Добавить в цитаты Настройки чтения

Страница 8 из 164



И немало всяких историй — любовных и скандальных — вспоминали потом и качали седыми головами на свою быстро пролетевшую молодость, от которой у иного оставалась в виде далекого воспоминания какая-нибудь связка потемневших писем, хранившихся на дне шкатулки, да локон шелковистых женских волос.

Чуть не на каждых пяти верстах, по большим и проселочным дорогам, где-нибудь на горе с белой убогой церковью, были разбросаны средней руки усадьбы с просторными старинными домами, видевшими в своих стенах несколько поколений, со старыми, потрескавшимися печами, низкими теплыми комнатами, удобными дедовскими креслами и мягкими кружками домашней работы на стульях.

В тепло натопленных уютных комнатах этих усадеб весело, еще по-старинному, проводились святки с ряжением и гаданьем, с ночными катаньями по скрипучему снегу в крещенский мороз, когда занесенные снегом поля искрятся и сверкают на месяце пухлой холодной пеленой.

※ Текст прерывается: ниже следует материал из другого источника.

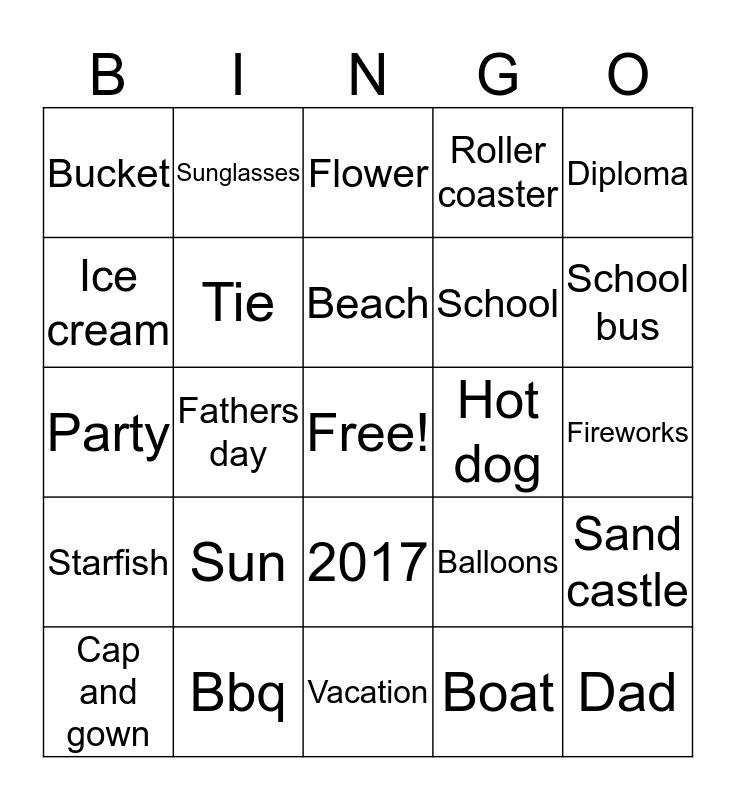 This bingo card has a free space and 24 words: Sun, Bbq, Beach, Cap and gown, Diploma, Bucket, Ice cream, Sunglasses, Hot dog, 2017, School, Party, Balloons, Sand castle, Tie, Boat, Fireworks, Flower, School bus, Fathers day, Dad, Starfish, Roller coaster and Vacation.

В этих усадьбах хоть и не бывало больших приемов, но всегда каждого гостя встречали радушные, улыбающиеся лица хозяев. А в столовой его ждал жирный обед с дымящимся под салфеткой пирогом и целый строй домашних наливок, которые приберегаются для таких случаев на длинных полках в холодной кладовой. Запивши ими обильный деревенский обед, хорошо бывает сесть в сани и ехать по однообразной унылой зимней дороге, ощущая во всем теле приятную струящуюся теплоту.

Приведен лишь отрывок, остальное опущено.